### Work to complete
Below, find the line containing "Ручка шариковая масляная" and the line containing "There are locks"; reproduce exactly those two and every line between them, omitting pictures.

----- Records shown -----

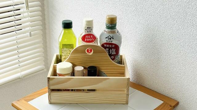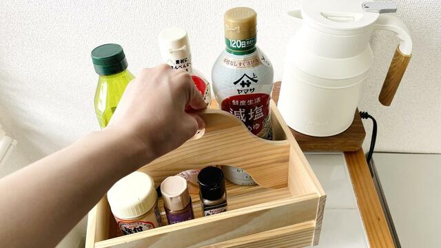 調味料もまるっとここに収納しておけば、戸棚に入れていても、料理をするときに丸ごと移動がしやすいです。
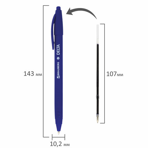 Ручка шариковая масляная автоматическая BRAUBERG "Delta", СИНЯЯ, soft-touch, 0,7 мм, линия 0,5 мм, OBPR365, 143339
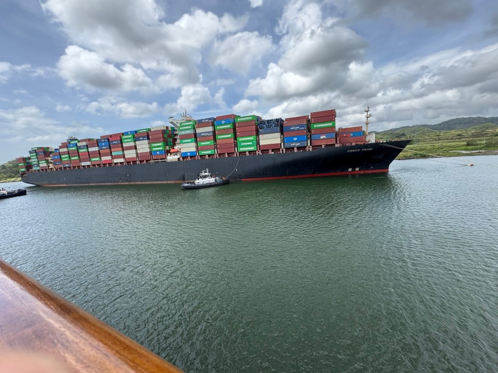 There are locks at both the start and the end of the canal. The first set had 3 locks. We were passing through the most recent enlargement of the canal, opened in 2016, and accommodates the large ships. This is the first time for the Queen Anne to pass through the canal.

-----
----- Records shown -----

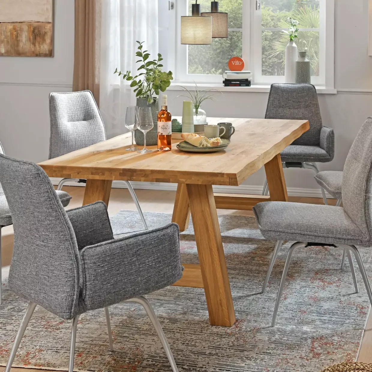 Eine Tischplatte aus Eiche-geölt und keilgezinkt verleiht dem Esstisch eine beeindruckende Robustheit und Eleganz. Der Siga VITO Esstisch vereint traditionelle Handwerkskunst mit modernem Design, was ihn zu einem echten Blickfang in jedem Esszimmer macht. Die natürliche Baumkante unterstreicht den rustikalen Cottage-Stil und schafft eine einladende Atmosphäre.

-----

### Final answer
 Ручка шариковая масляная автоматическая BRAUBERG "Delta", СИНЯЯ, soft-touch, 0,7 мм, линия 0,5 мм, OBPR365, 143339
 There are locks at both the start and the end of the canal. The first set had 3 locks. We were passing through the most recent enlargement of the canal, opened in 2016, and accommodates the large ships. This is the first time for the Queen Anne to pass through the canal.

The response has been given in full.